Wednesday, March 9, 2022

All Contradictions Are False

Today I received a great question from a reader that was worth posting here.  First, he references my paper on the impossibility of scalable quantum computing and says:

There seems to be nowhere for anyone to discuss it. Academia is sealed off to the public nowadays. 

Agreed.  That’s because, as I discussed in this post, there is an unholy marriage between the prophets of quantum computing and the Cult of U (i.e., the fanatical belief that quantum wave states always evolve linearly).  After attempting to submit several papers to the arXiv that questioned the assumption of U, I had assumed I was blacklisted until the unexpected happened.

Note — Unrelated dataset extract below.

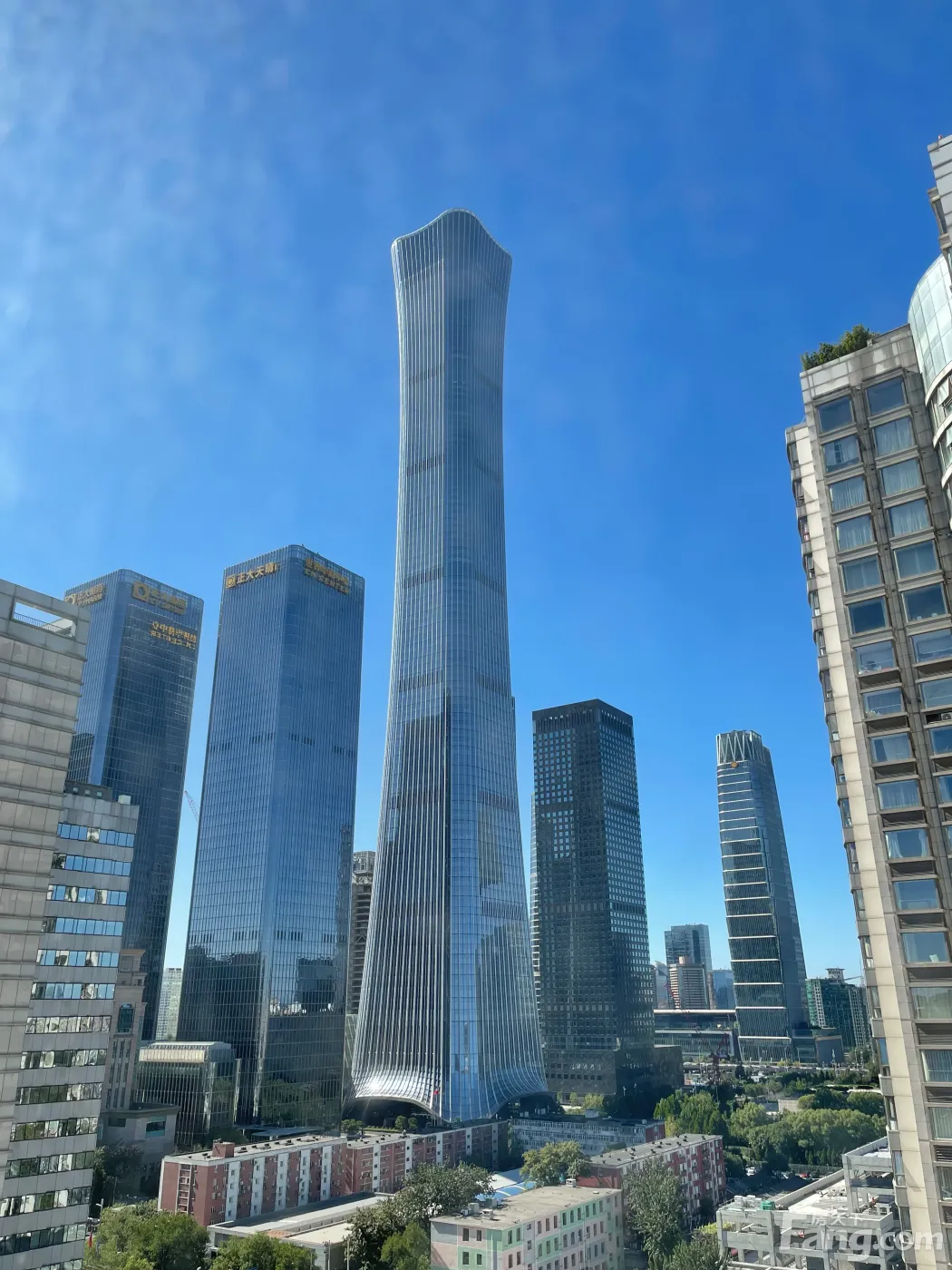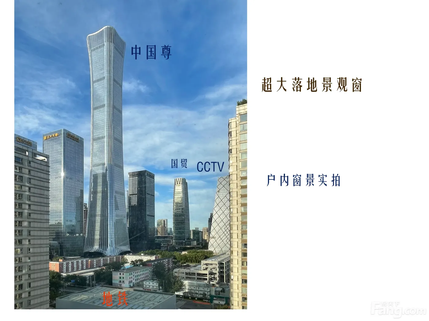 说说房子 正面中国尊,中央电视台旁。楼层优越,视野开阔。20层楼高度,静谧开阔舒适。超大落地景观窗,CBD朝云晚霞,活力繁华尽收眼底。整个户型所有房间全天日照充足明亮。美式平层,框架结构设计,空间灵活划分。现房分割为三室二厅二卫。70年产权住宅。 说说小区 小区纯住宅封闭式管理,人车分流。电梯主、客、货物分离。周边交通出行便利。中国尊地铁站即将开通。对面高端配套商场娱乐休闲,SKP新光天地,万达影院,金地购物商场,沃尔玛超市,文化馆等。附近幼儿园、小学、中学、大学、老年大学和文化娱乐生活娱乐配套成熟丰富。

Then, he asks a key question:

We hear (ad nauseum) that the spin on an electron can be both 'up' and 'down' simultaneously, but what does that actually mean?  It may be true in ket space, but it cannot be true in actual space.

First, let me point out that this should be a really stupid question.  No intelligent person should ever have to ask, “What does it mean if X is true AND X is false?”  Logically, that looks like X ∩ ¬X, which any logician will say is a contradiction and therefore a false statement.

But here’s the thing… the reader’s question is a perfectly reasonable and rational question in the physics world, because we are constantly bombarded by characterizations of quantum superpositions that are completely nonsensical.  For example, Schrodinger’s Cat is constantly described by physicists as “a cat that is both dead and alive simultaneously.”  But this is a contradiction and is necessarily false. 

This is the kind of logical error that physicists routinely make.  I have tried to point them out in papers like this and this.

If an object is in quantum state described by |A> + |B>, it is simply not the case that the object is in both state |A> and |B> simultaneously.  In fact, none of the following statements are true:

·       The object is in state |A>.

·       The object is in state |B>.

·       The object is not in state |A>.

·       The object is not in state |B>.

Indeed, there simply is no fact about whether the object is in state |A> or |B>.

In other words, dear reader, you have been misled by physicists who either don't understand basic logic or are intentionally trying to deceive the world with bad characterizations of quantum mechanics, because that is what is necessary to keep the investment money flowing into quantum computing.

By the way, infinity itself is also a contradiction.  As I discuss in this post, atheist physicists like to posit infinitely many universes to account for the existence of something that has a zero probability.  But all contradictions are false, so infinity cannot be used to imply anything true.